La empresa se dedica a producir alimentos que a priori uno pensaría saludables. Sin embargo, admiten su principal preocupación: los sellos de advertencia alcanzarán al 100% de los productos que ofrecen, incluso aquellos que se autoproclaman light o repletos de nutrientes.
Usan gráficos armados con flechas de colores, cuadros comparativos y ejemplos que buscan demostrar lo que ellos llaman las “incongruencias” del proyecto. Es un material amable y didáctico. Pero, al igual que sus nombres, solicitan no difundirlo: se trata de un documento interno que utilizan, dicen, para “sensibilizar” a sus empleados.
En otros temas vinculados a la economía y la política no existe tanto secretismo. Pero al realizar este reportaje nos encontramos con que el pedido de confidencialidad alcanza a otras empresas y también a funcionarios acostumbrados a plantear sus posiciones y discutir públicamente sobre cualquier otro tema.
No es algo exclusivo de la Argentina. El debate del etiquetado generó resistencias virulentas en todos los países de Latinoamérica en los que fue planteado. “Fue un combate de guerrilla difícil de ganar”, resumió en una nota del New York Times Guido Girardi, el senador chileno que lideró la aplicación de la ley que finalmente entró en vigencia en ese país en 2016.

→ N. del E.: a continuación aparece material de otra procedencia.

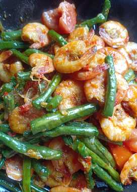Tumis udang kacang panjang pedas nikmat.

En el power point local para empleados y periodistas hay ejemplos como este: una bebida de Starbucks que se alza en copos de crema batida y jarabe, acompañada de dos medialunas que brillan grasosas sobre una bandeja de plástico. “Esto, como no está envasado, no tendrá octógonos”, dice la mujer mientras pasa los slides. “En cambio un yogur en la góndola va a tener tres sellos negros. Entonces, ¿estamos educando al consumidor? La verdad, para tener esa ley es preferible no tener ley”, dice la ejecutiva. En sus palabras, la iniciativa que recibió el respaldo masivo del Senado es un gran malentendido que es necesario revertir.
Otras compañías opinan igual. Dan los mismos argumentos, aunque antes de hacerlo piden apagar el grabador.
A las empresas les preocupa la ley. ¿Quiénes la apoyan? Unicef, La Sociedad Argentina de Pediatría, la Organización Panamericana de la Salud y la Fundación Interamericana del Corazón, por nombrar solo algunas entidades.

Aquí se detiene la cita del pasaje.